Befitting a public outdoor venue celebrating the performing arts, the design of Lynn Wyatt Square is inspired by a placemaking concept referred to as “urban choreography” by RIOS. “It’s about creating intersections and places where people are going to interact,” Emerson explains, noting that by relocating two of the buried parking garage’s large exhaust shafts from the corners of the plaza to less conspicuous locations on the edges of the site made the space more welcoming and visible. “We’ve created a place where people can merge.” As Emerson says, the plaza’s new entrances from the street are considered as accessible-to-all “experiences” and not “just paths to travel.”

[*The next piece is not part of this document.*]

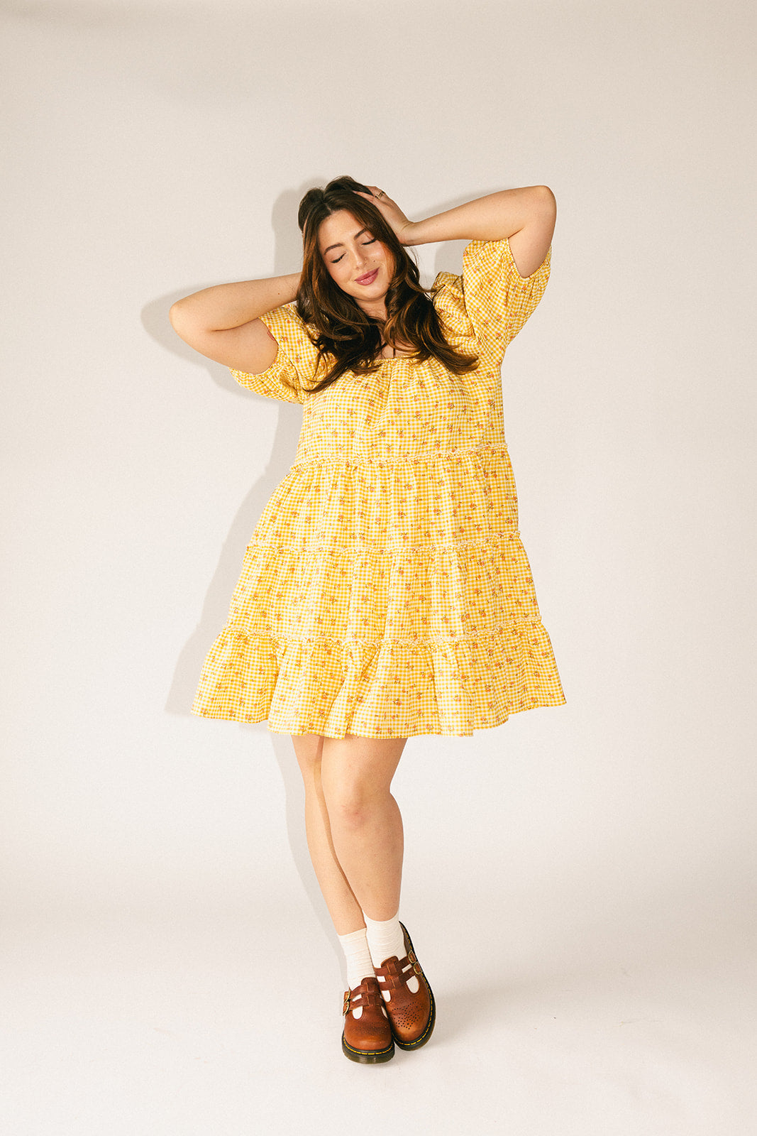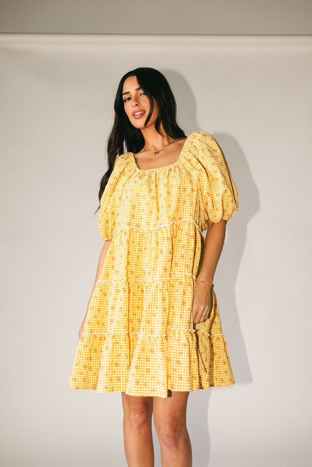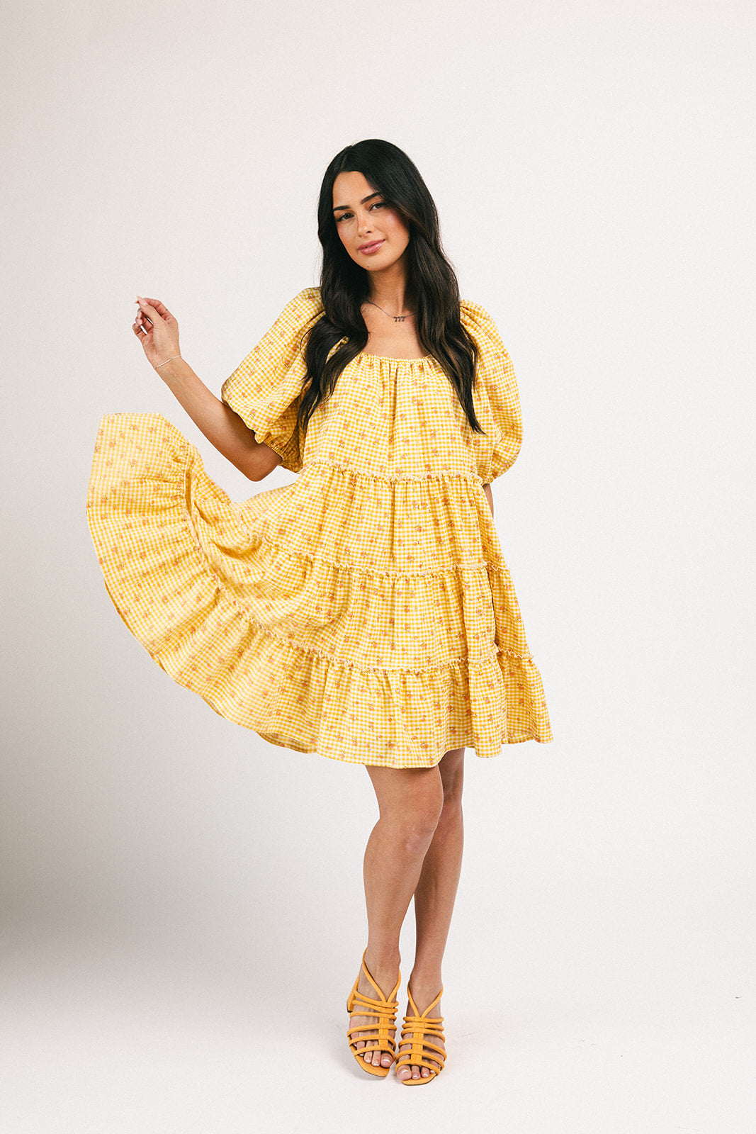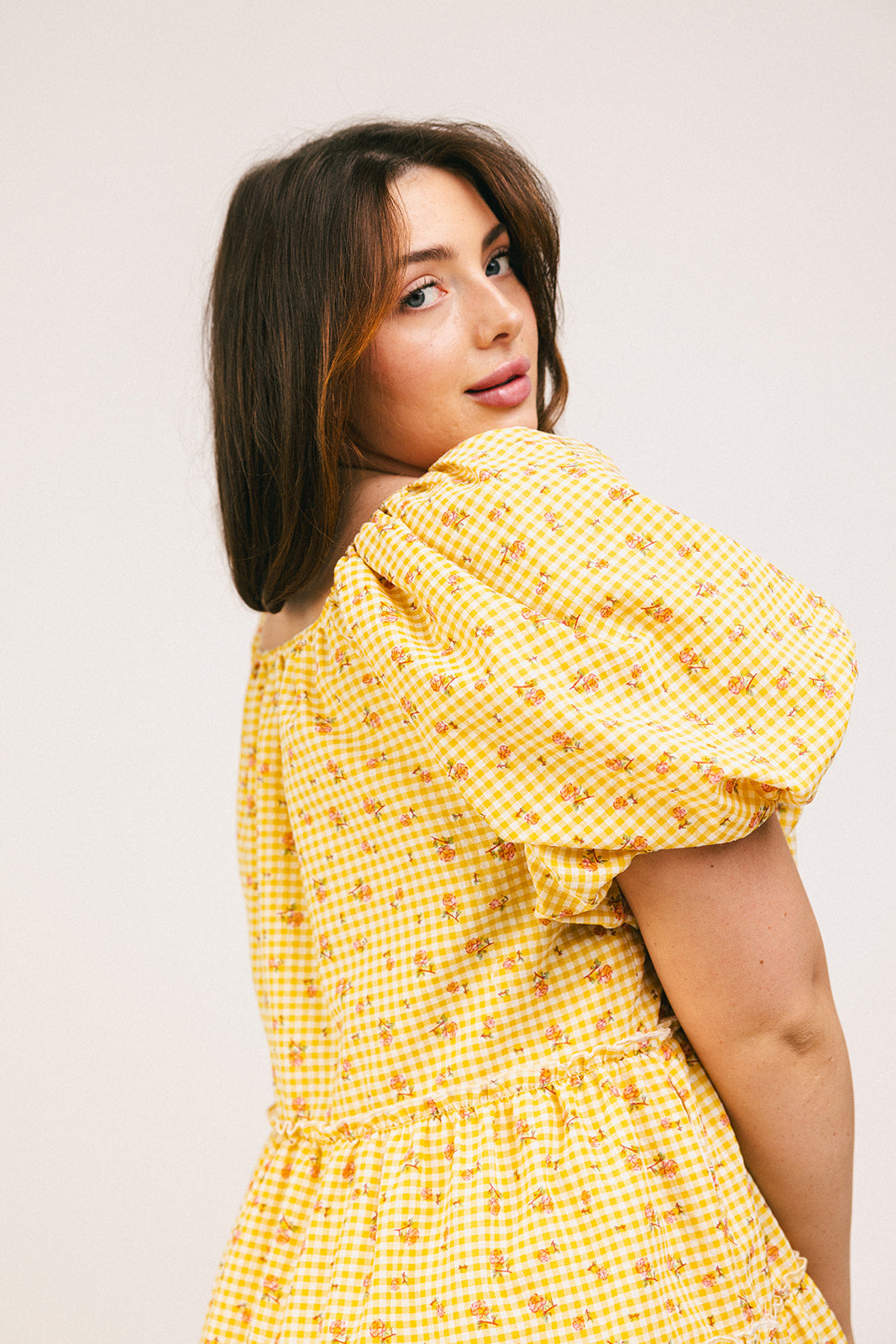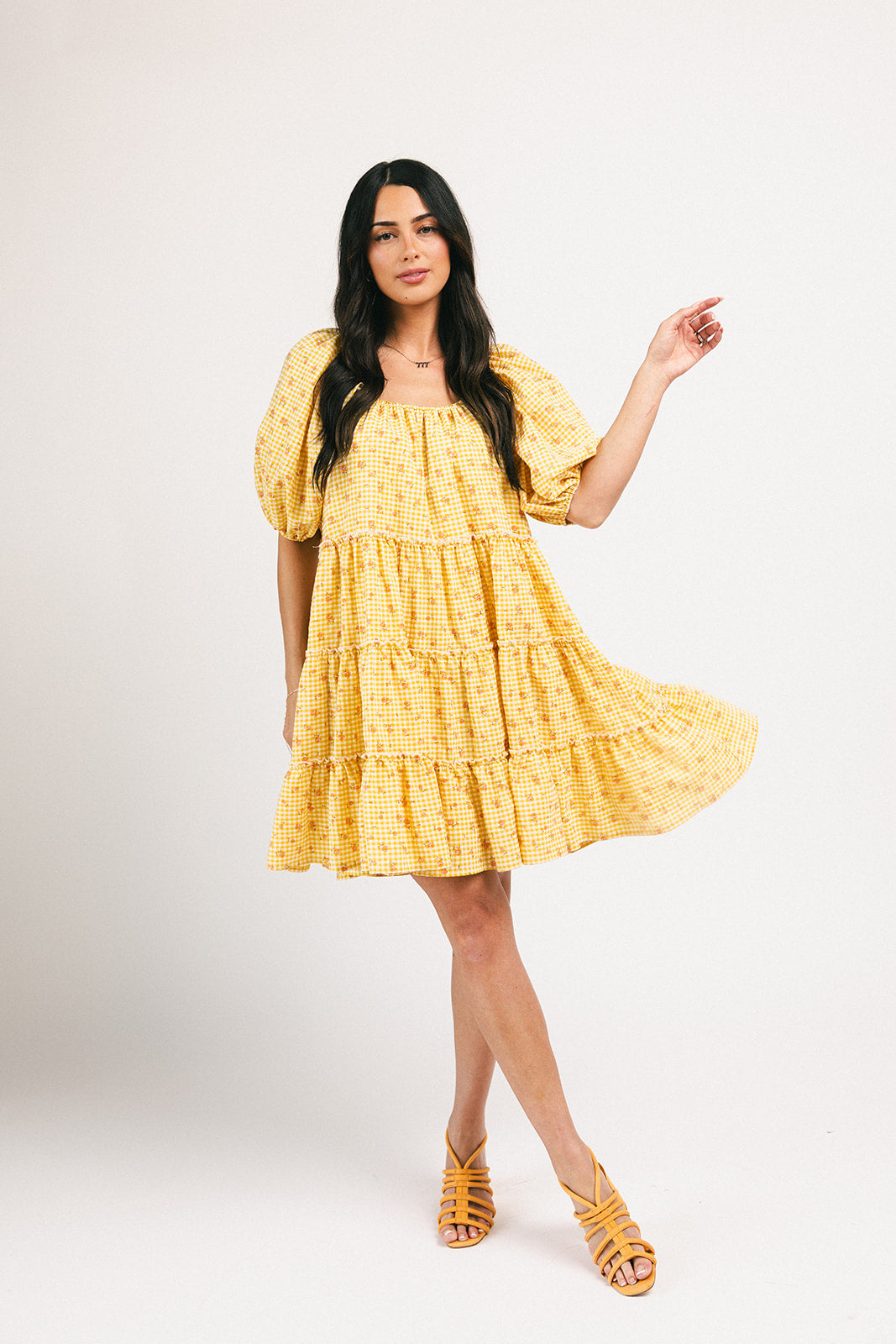 Från familjebilder till helgärenden, vår exklusiva korta Daymaker-klänning från Zoco gör allt. Tillverkad i ett sött gult ginghammönster med blommiga detaljer, har denna puffärmade klänning samma avslappnade känsla som vår ursprungliga Daymaker-klänning, men med en extra flörtig stil. Den stretchiga rundade halsringningen + shift-silhuetten erbjuder massor av mångsidighet, så det är den perfekta böljande miniklänningen för varje tillfälle.

As with any proper performing arts space, Lynn Wyatt Square has abundant seating—a roughly 60 percent increase from Jones Plaza. Terraced benches, movable tables and chairs, and swing seats (a “hit” with users, per Emerson), provide places to relax, unwind, and take in the show(s); the square’s outdoor furnishings, designed by RIOS, are bright yellow, as are the multifunctional media towers that line the Proscenium Walk at the northern end of the site.
A seating area at the Gateway Gardens section overlooks Jones Hall. Photo © Pavel Bendov / Archiexplorer
The transformation of Jones Plaza into Lynn Wyatt Square also yielded what proved to be the most technically complex part of the project from an engineering standpoint: a 7,400-square-foot restaurant pavilion that floats above the underground parking garage, on the western edge of the site. Clad in glass and textured concrete, the bilevel building—designed by RIOS with executive architect HarrisonKornberg Architects—is topped by a timber roof structure with a free-flowing form that pays homage to the fluidity of dance.
Although the structure’s soaring, column-free interior offers an air-conditioned respite from Houston’s notorious humidity and oppressive temperatures, the newly landscaped plaza outside—previously a literal heat island—has cooled down considerably within this urban environment dominated by towers of concrete, stone, and glass. According to RIOS, the project reduced the plaza’s hardscape by 19 percent, increased its plantings by 92 percent, and added 27 percent more trees—among them 14 mature live oaks that provide abundant shade. In addition, the park’s lush landscaping—local firm Asakura Robinson served as executive landscape architect for planting design—helps to manage stormwater runoff, improve air quality, and foster biodiversity.
An urban green space that acts as an outdoor extension of the performing arts venues surrounding it, Lynn Wyatt Square proves that second acts are worth sticking around for.